Let’s begin by clarifying the requirements.
1. Requirements
Before diving into the architecture, lets outline the functional and non-functional requirements:
1.1 Functional Requirements
- Per-User Rate Limiting: Enforce a fixed number of requests per user or API key within a defined time window (e.g., 100 requests per minute). Excess requests should be rejected with an HTTP
429 Too Many Requests. - Global Enforcement: Limits must be enforced consistently across all nodes in a distributed environment. Users shouldn't bypass limits by switching servers.
- Multi-Window Support: Apply limits across multiple time granularities simultaneously (e.g., per second, per minute, per hour) to prevent abuse over short and long bursts.

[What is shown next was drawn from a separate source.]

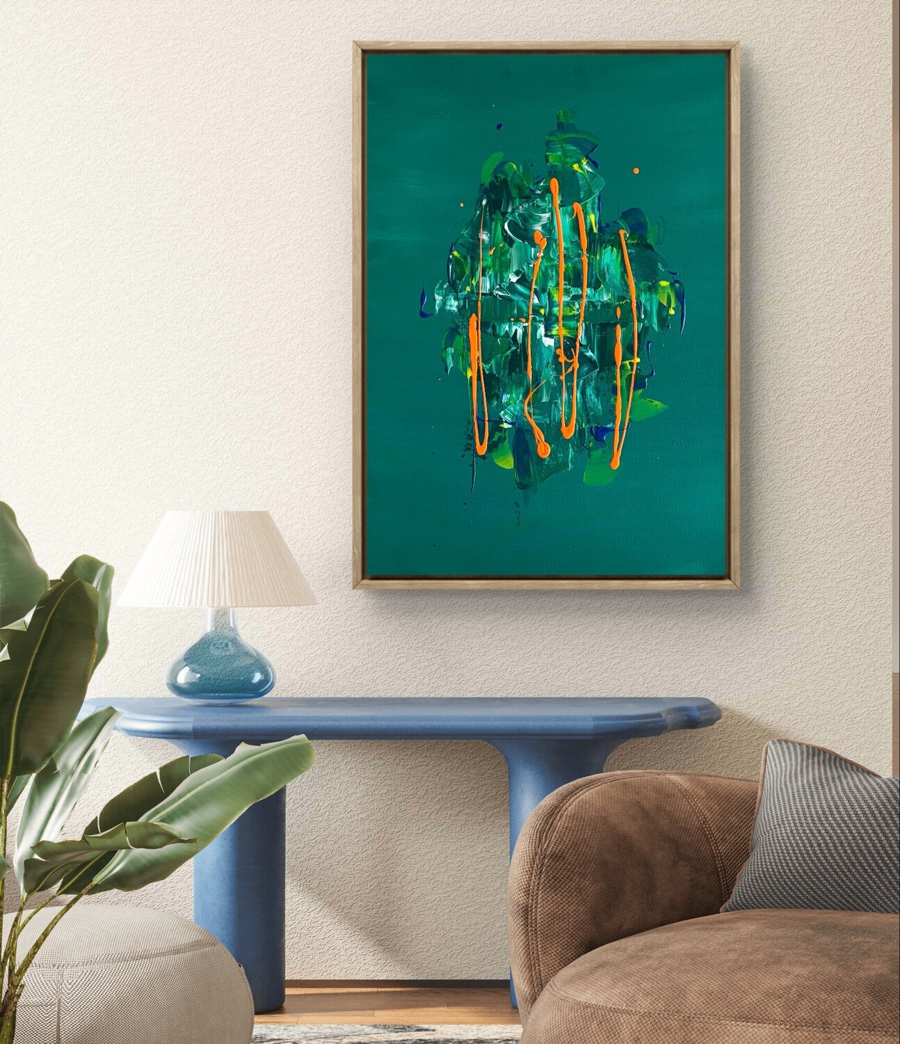 Dit werk is ontstaan vanuit een verlangen om de spanning tussen rust en energie te verkennen. Ik heb acryl gebruikt om levendige contrasten te creëren: het diepgroene staat voor sereniteit, terwijl de oranje strepen de vitaliteit symboliseren die de stilte verbreekt. Ik wil dat dit werk een dynamische balans uitstraalt en een intense maar ontspannende energie brengt in de ruimtes waar het wordt tentoongesteld.

1.2 Non-Functional Requirements
To be usable at scale, our distributed rate-limiter must meet several critical non-functional goals:
- Scalability: The system should scale horizontally to handle massive request volumes and growing user counts.
- Low Latency: Rate limit checks should be fast ideally adding no more than a few milliseconds per request.
- High Availability: The rate-limiter should continue working even under heavy load or node failures. There should be no single point of failure.
- Strong Consistency: All nodes should have a consistent view of each user’s request counts. This prevents a client from bypassing limits by routing requests through different servers.
- High Throughput: The system should support a large number of operations per second and serve many concurrent clients without significant performance degradation.